• WORK INSTRUCTIONS: Using the records below, transcribe word for word the stretch from the line that contains "水开后倒进电饭锅里,用煲汤模式炖一小时,银耳变软后加入冰糖,再炖15分钟即可" through the line that contains "EF63形電気機関車の低圧制", both end lines included, and nothing else.

• RECORD EXTRACTS:
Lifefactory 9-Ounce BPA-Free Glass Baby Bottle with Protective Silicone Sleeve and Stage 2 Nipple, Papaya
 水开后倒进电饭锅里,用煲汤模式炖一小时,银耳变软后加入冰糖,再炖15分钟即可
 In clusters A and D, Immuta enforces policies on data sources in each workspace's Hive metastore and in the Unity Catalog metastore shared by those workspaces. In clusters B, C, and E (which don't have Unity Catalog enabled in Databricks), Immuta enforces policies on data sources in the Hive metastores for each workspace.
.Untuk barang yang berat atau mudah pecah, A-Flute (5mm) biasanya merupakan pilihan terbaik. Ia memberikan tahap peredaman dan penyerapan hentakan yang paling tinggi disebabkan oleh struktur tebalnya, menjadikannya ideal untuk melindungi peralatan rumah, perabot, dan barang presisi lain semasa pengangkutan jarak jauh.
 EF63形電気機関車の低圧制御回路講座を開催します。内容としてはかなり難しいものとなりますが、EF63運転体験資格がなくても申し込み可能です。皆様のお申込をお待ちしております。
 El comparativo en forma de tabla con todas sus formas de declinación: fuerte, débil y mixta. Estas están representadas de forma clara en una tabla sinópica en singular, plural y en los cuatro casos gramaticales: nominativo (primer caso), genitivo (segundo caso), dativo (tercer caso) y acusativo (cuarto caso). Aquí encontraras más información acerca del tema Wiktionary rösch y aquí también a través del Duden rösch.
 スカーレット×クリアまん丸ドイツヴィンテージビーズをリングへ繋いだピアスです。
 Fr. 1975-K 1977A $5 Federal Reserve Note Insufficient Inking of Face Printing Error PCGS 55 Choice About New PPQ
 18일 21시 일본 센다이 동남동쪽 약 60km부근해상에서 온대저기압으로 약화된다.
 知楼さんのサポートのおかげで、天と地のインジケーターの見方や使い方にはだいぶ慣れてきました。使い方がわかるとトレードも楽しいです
---
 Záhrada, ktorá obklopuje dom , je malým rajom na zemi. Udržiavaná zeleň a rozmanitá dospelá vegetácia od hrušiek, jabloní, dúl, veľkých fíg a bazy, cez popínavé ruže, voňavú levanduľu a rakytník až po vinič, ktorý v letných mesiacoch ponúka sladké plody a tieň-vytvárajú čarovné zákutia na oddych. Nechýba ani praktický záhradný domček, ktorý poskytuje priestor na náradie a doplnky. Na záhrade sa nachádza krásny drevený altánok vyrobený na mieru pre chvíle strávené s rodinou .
==
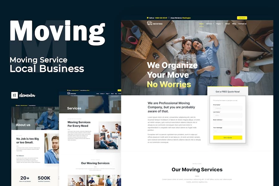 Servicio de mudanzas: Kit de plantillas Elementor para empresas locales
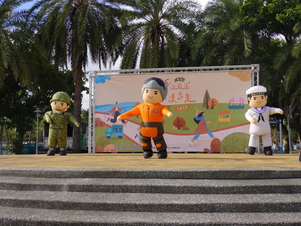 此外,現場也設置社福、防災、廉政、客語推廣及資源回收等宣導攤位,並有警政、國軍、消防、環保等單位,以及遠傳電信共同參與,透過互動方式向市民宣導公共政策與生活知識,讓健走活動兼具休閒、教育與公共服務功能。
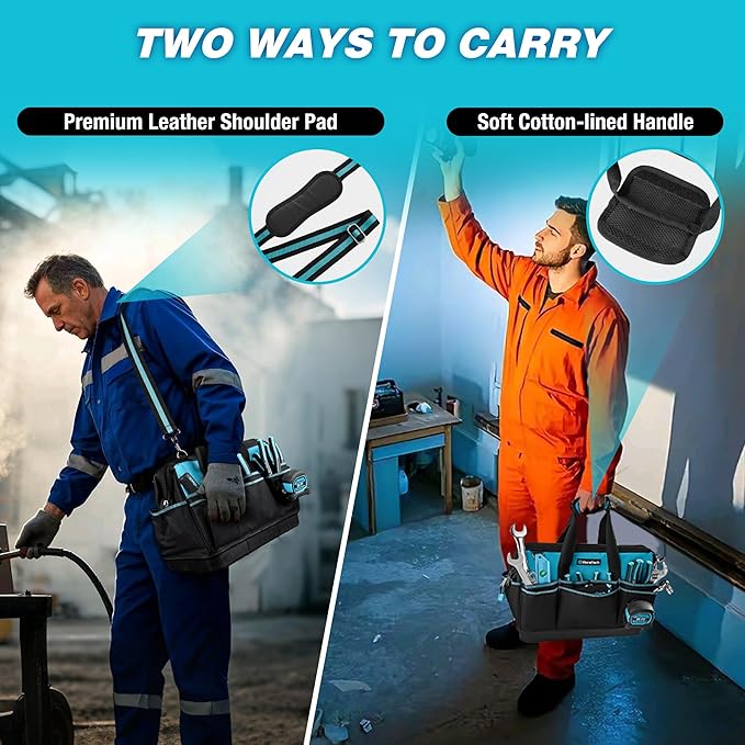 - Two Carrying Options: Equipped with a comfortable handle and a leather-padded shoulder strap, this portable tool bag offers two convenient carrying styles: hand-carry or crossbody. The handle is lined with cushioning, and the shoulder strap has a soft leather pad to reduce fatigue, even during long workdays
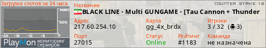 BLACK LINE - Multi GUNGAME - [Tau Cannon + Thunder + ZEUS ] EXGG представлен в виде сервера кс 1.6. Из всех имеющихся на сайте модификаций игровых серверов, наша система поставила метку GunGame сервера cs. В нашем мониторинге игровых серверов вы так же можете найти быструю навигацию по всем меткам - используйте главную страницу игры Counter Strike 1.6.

• RESULT OF THIS EXERCISE:
 水开后倒进电饭锅里,用煲汤模式炖一小时,银耳变软后加入冰糖,再炖15分钟即可
 In clusters A and D, Immuta enforces policies on data sources in each workspace's Hive metastore and in the Unity Catalog metastore shared by those workspaces. In clusters B, C, and E (which don't have Unity Catalog enabled in Databricks), Immuta enforces policies on data sources in the Hive metastores for each workspace.
.Untuk barang yang berat atau mudah pecah, A-Flute (5mm) biasanya merupakan pilihan terbaik. Ia memberikan tahap peredaman dan penyerapan hentakan yang paling tinggi disebabkan oleh struktur tebalnya, menjadikannya ideal untuk melindungi peralatan rumah, perabot, dan barang presisi lain semasa pengangkutan jarak jauh.
 EF63形電気機関車の低圧制御回路講座を開催します。内容としてはかなり難しいものとなりますが、EF63運転体験資格がなくても申し込み可能です。皆様のお申込をお待ちしております。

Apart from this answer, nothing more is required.